Veterans of Vert - Mark Grindle

Veteran of Vert -

Veterans of Vert - Mark Grindle

You may not have heard of Mark Grindle, but you should listen to what he has to say. While posting the VoV interview with Kenny Means, we stumbled into Mark with a mislabelled photograph. He had an exciting story that we thought we should share with you, no matter how old, it's never too late to skate!

 

How did you first come across aggressive quad skating?

I started skateboarding back in the mid-’70s, and I was never good at it.  We spent lots of time riding embankments and ramps, but I couldn’t get the hang of a board on a transition. In about 1978 we went skating the YWCA pool in San Pedro, and I saw Kenny Means roller skating in it. He was side-skating, and it blew me away. I decided to give it a try just on that alone. I bought skates almost immediately and started practicing by riding them everywhere. We built a little 4x8 ramp up against our back fence, and that was where I started. I now think that I was good enough to compete in the events, but I didn’t have the confidence to try.

 

How and who did you follow for inspiration?

It was hard to follow anyone because there just wasn’t any coverage in the magazines. Kenny was in skateboard magazines on occasion, but that was it. A couple of years later, I started seeing Fred Blood and Duke Rennie, and they were both amazing. Since all the skate parks were far away and I didn’t drive, I rarely saw anyone roller skate in person. I had to learn all my tricks from photos and to try to figure them out on my own. In the rare times, I did run into skaters at Marina del Rey, Lakewood or Superbowl; I would watch intently. The most significant influence was to side-skate, and that is how I’ve always skated.

 

Was there much of a roller-skating scene at the parts in San Pedro?

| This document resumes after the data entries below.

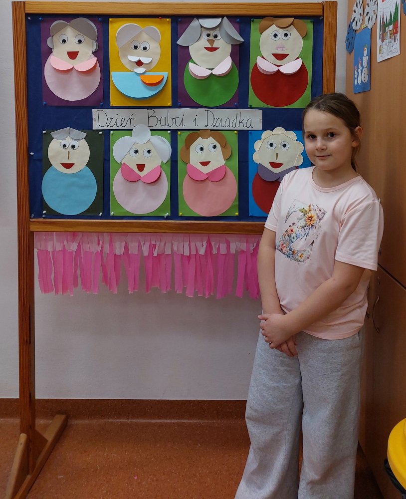 W świetlicy szkolnej odbyły się zajęcia plastyczne poświęcone Dniu Babci i Dziadka. Dzieci z dużym zaangażowaniem tworzyły prace plastyczne z papierowych kółek, z których powstały kolorowe postacie babć i dziadków. Gotowe prace były pięknym wyrazem miłości i wdzięczności dla ukochanych dziadków oraz wspaniałą dekoracją, którą można podziwiać w galerii znajdującej się na korytarzu szkolnym.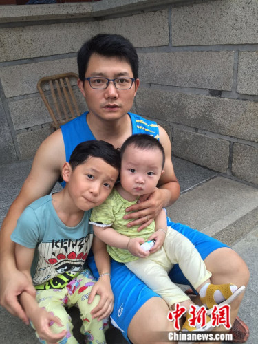圖為二孩“奶爸”和兩個(gè)可愛的孩子。呂春榮攝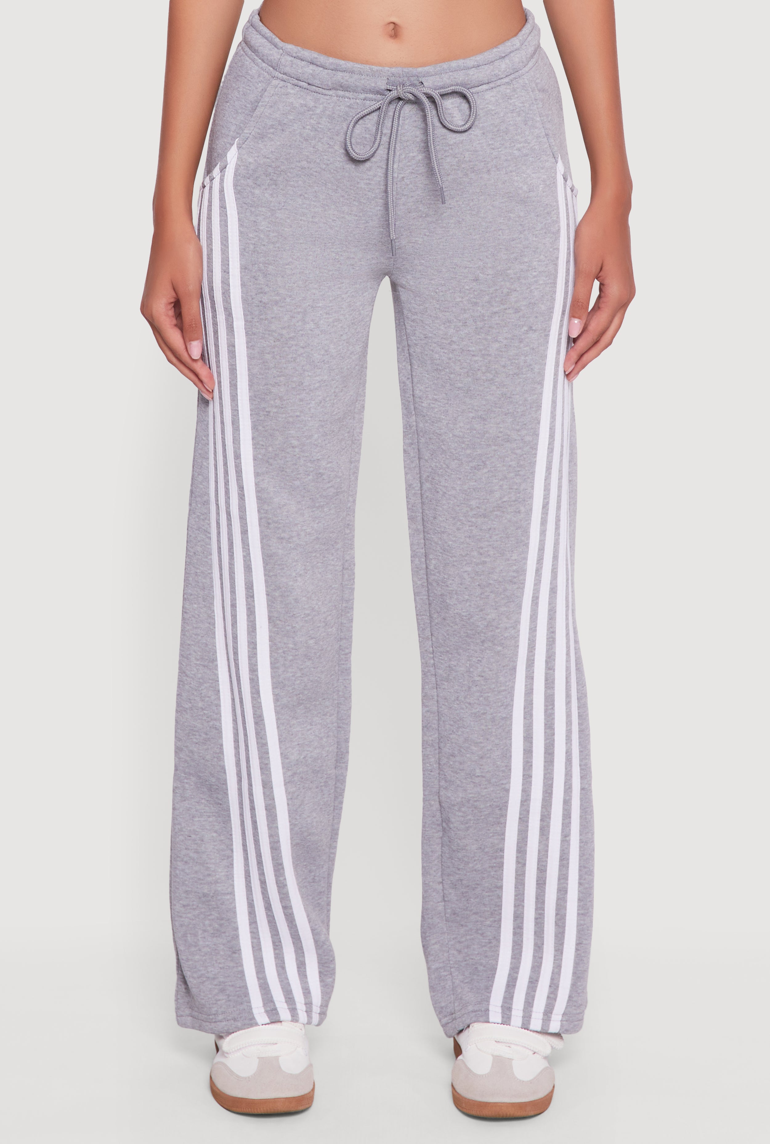 Step up your casual game with these Stripe Detail Drawstring Waist Sweatpants. Designed for ultimate comfort and effortless style, they feature a cozy fleece fabric and a flattering mid-rise fit. The straight leg cut and stripe detail add just the right touch of sporty flair. Whether you're lounging at home or out running errands, these sweatpants are your new go-to for laid-back vibes that never compromise on cool.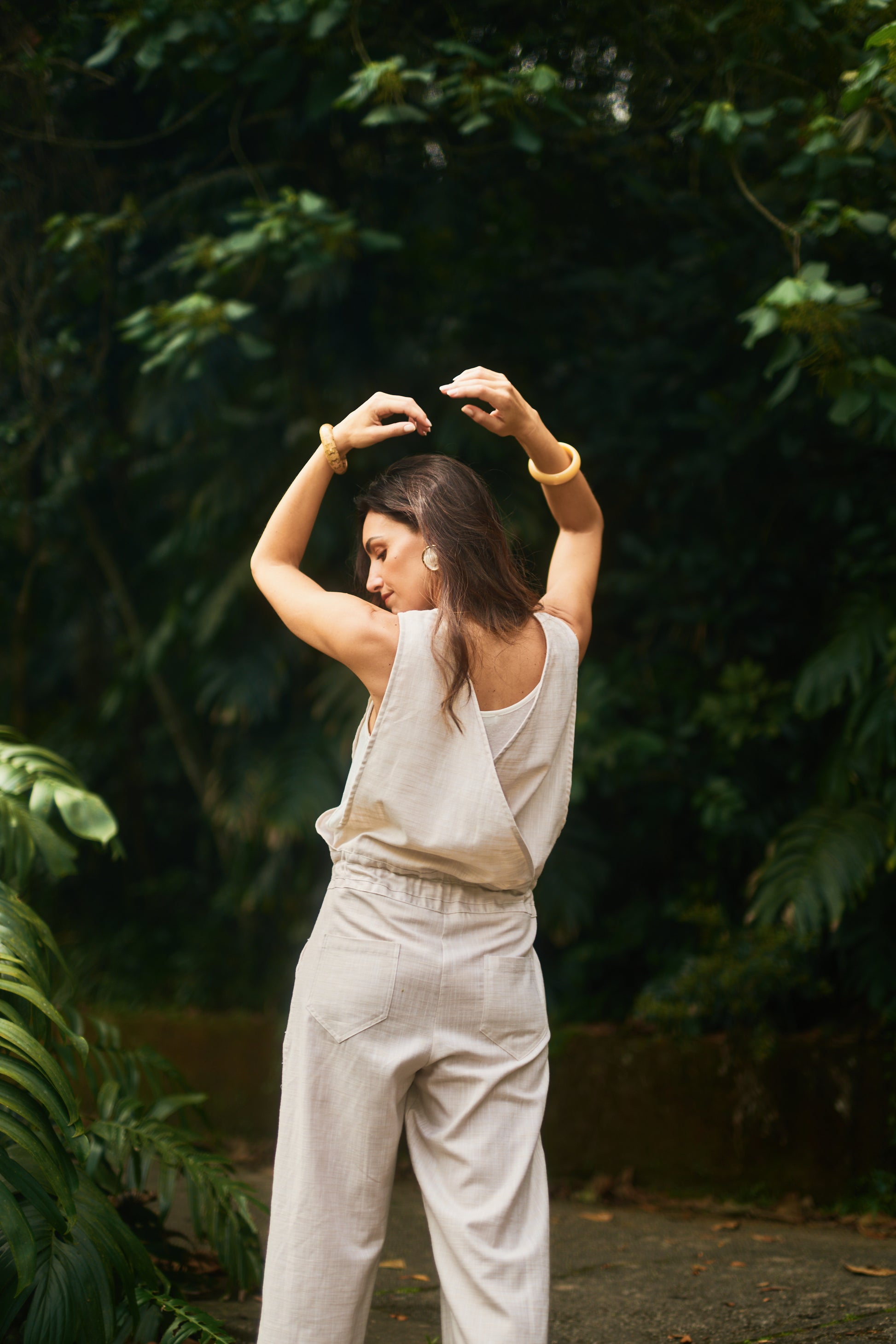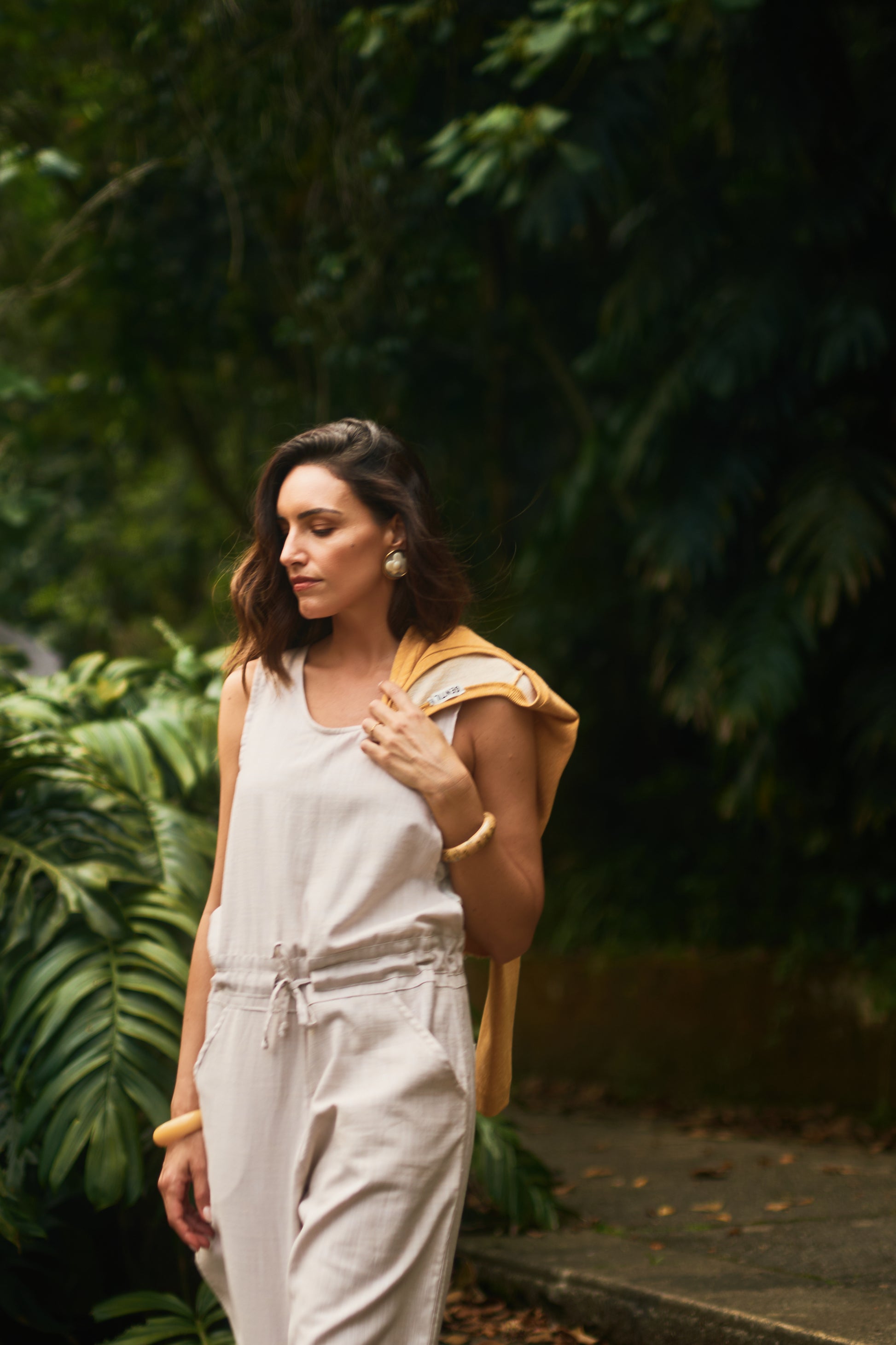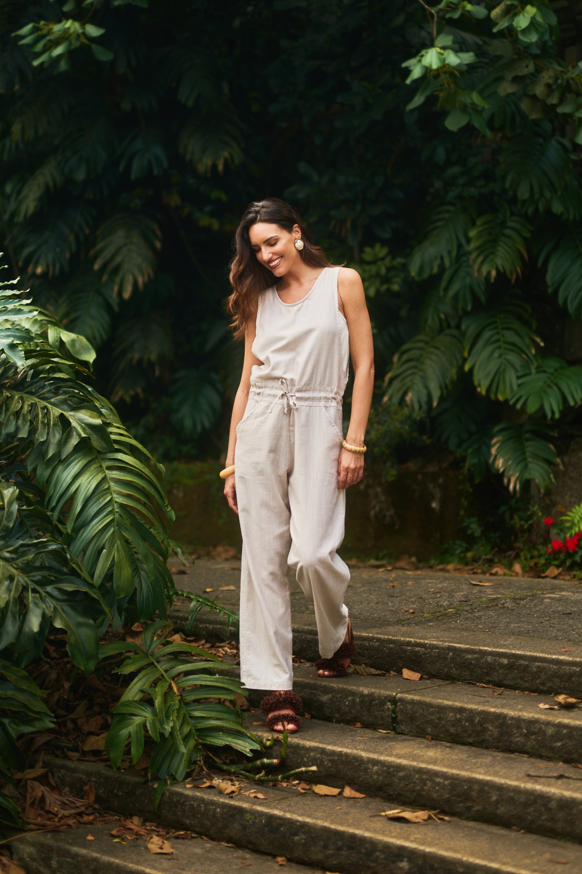 O Macacão Fiori possui modelagem soltinha e é confeccionado em tecido leve de algodão. Possui decote arredondado, cavas profundas e um transpasse nas costas. A calça de corte reto conta com cordão no mesmo tecido e bolsos laterais e traseiros. Uma peça que une estilo e conforto.

I was the only vertical roller skater in San Pedro, besides Kenny, but I never skated with him. Pedro was all skateboards and punk rock. We had a great halfpipe that we skated every day and a couple of pools that we’d skate, like the Graveyard pool; but that was it. The South Bay always lacked a skate park for some reason so we’d have to travel far to get to one.

 

Did you find that crossover between skateboarding helped your quad skating?

Skateboarding didn’t really help me in my skating, thank God; I was horrible on a board!

 

What was your favorite trick from the '80s?

I always loved hand-plants, one or two-handed.

 

You've just turned 53, and you've come back to quad skating, what drew you back?

I quit because in the early ’80s skateboarding tanked, the skate parks were gone, and ramps were rare. Plus lots of people started telling me I was too old and I feel for that. I kept my skates and went flat-ground on occasion, but that was it. In January 2011, I decided that I was going to start skating again, but I had a heart attack, so I put it on hold. Last year I found the Facebook group “Skaters Over 50”, which is 99% skateboarders, and I started seeing all these “old” guys like me skateboarding. Seeing guys like Caballero, Alva, and Peters still going strong was inspiring, then I saw Duke was still roller skating too. I was bent on doing it again. I still had my tracker roller skate plates from the ’80s with full tracks. I bought new boots and Kryptonics and started skating flat ground to get my legs back. That was about three months ago, and I started skating vertical about a month ago.

 

What is your current favorite trick?

Right now, my favorite move is not killing myself as I learn again! I’m mainly doing lots of carving and trying to get some air. It’s been a slower process than I thought, but I’m getting there. My goal was to do a hand-plant on my 53rd birthday, but I missed that by two days. I finally landed one today!  I have lots of work to do, and the falls take a more significant toll on the body, but I’m hooked again.

 

Any last words?

Yes, don’t ever let anyone convince you that you’re too old to do anything or that “girls shouldn’t do whatever.” Don’t be intimidated by the guys out there either. What hasn’t changed is that there are lots of loudmouth’s and people who think of vertical roller skaters as second class, ignore them and do YOUR thing. Besides, the loudmouths are the usually the ones with only one good trick and who go home and cry when mommy puts medicine on their boo-boos. Listen to the guys who love that you are out there. Also, encourage one another.